Macro-aggressions are the more blatant forms of prejudice and discrimination that we are
familiar with from the various civil rights movements in the U.S. In terms of behavioral
health, macro-aggressions are such things as refusing to hire someone based on their
history of a behavioral health condition, refusing to allow for the siting of a housing
program because persons with behavioral health conditions are claimed to be dangerous,
ending a romantic relationship because a person finds out that their lover is taking
psychiatric medications, insisting on transporting persons in acute distress to the hospital
via police car and handcuffs because persons with mental illness are unpredictable, and
having only clients go though a metal detector at a substance use treatment facility. These
are somewhat obvious forms of discrimination that can be more readily addressed.
Micro-aggressions, on the other hand, are less overt or more subtle, they can be easily
overlooked as innocent slights or missteps, or the person experiencing the aggression may
be dismissed and told that he or she is simply being overly sensitive, or worse, paranoid.
Early examples that we have already mentioned were questions about which bathrooms
peer staff should use, where they should eat lunch, or whether or not they should have
keys.

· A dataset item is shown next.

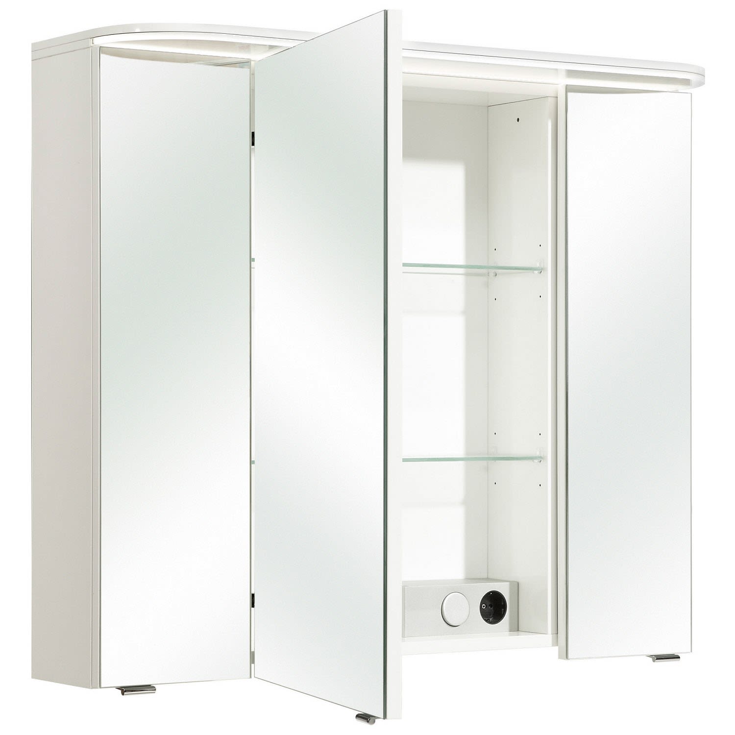 Die Kranzbeleuchtung des zeitlosen, modernen Spiegelschranks Balto bietet angenehmes Licht. Im Inneren finden viele kleine Utensilien ihren Platz. Der formschöne Lichtkranz mit LED-Technik fügt sich nahtlos an den praktischen Spiegelschrank an. Er ist mit 3 Türen und 6 Einlegeböden ausgestattet und bietet somit großzügigen Stauraum für Ihre Badutensilien. Im Inneren befindet sich auch eine praktische Schalter/Steckdosenkombination, die eine einfache Handhabung des Föns & Co. ermöglicht.

More recent examples include not acknowledging a person as a colleague in the ways
in which other colleagues are routinely acknowledged, assuming that any difficulties a
person may be having or any mistakes he or she might make would necessarily stem for his
or her behavioral health condition, and omitting to include peer staff in social gatherings. In
her blog, Pat includes the following examples:
“I had been a patient in a mental hospital. Some time later I returned as a
worker to the same hospital. My paid, full time job was to work with patients as
a peer educator. I overheard staff grumbling that my very presence on the unit
was a violation of professional boundaries.”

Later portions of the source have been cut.